What you will do:
What is wanted is every line below from the one with "Share a unique" up to and including the one with "Mixed technique: Silver", retyped exactly, pictures excluded, nothing else.

The records:
^^^^

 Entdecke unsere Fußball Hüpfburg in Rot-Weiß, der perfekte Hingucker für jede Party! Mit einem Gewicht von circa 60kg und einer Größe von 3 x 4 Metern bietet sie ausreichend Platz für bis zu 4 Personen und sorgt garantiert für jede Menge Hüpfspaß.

^^^^

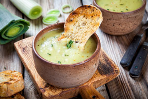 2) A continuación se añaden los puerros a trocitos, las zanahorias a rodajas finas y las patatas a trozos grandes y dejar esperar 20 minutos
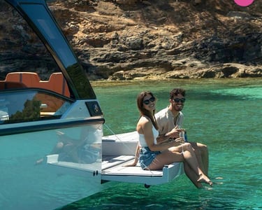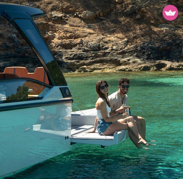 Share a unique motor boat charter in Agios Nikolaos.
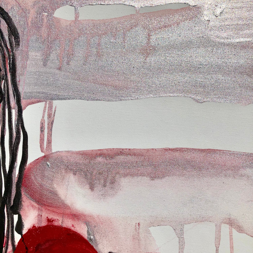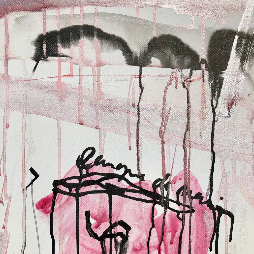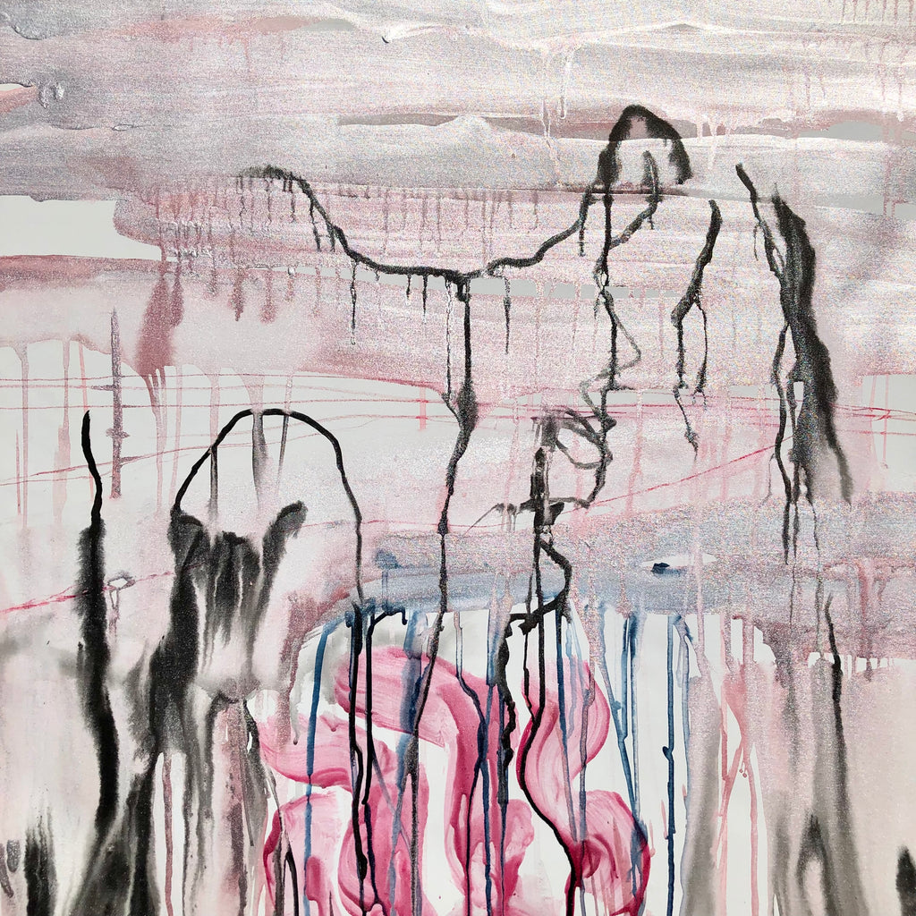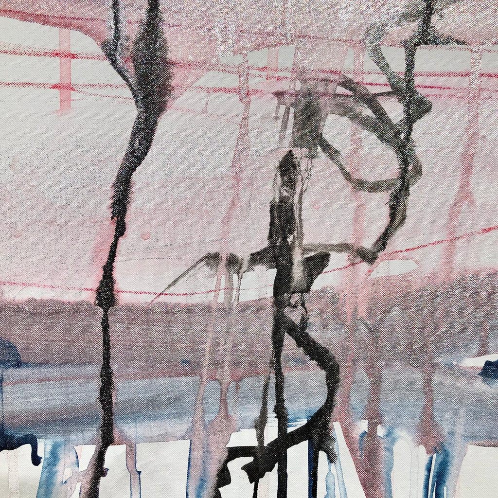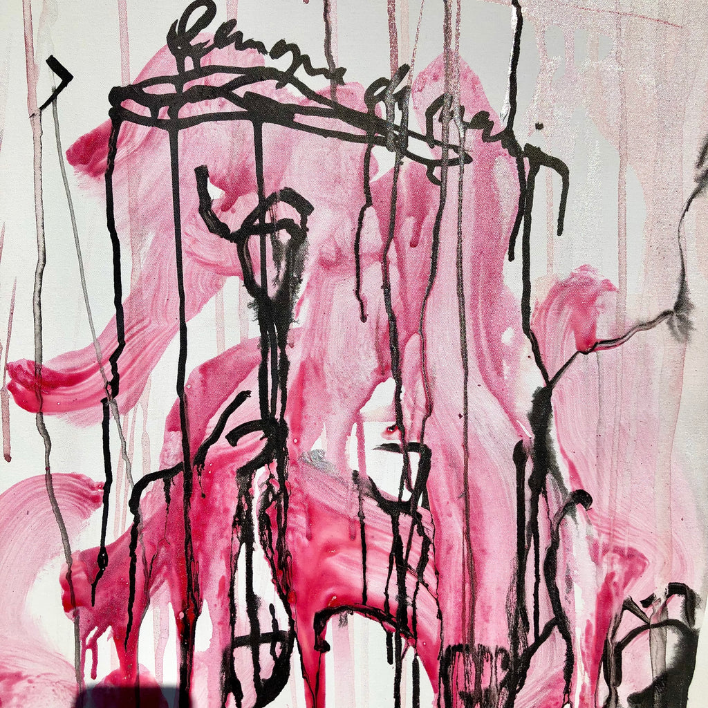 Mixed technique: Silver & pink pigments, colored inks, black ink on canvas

^^^^

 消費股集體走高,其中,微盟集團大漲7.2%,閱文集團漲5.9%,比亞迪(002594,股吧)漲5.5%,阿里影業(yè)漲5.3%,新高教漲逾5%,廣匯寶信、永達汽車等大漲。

^^^^

Finished exercise:
 Share a unique motor boat charter in Agios Nikolaos.
 Mixed technique: Silver & pink pigments, colored inks, black ink on canvas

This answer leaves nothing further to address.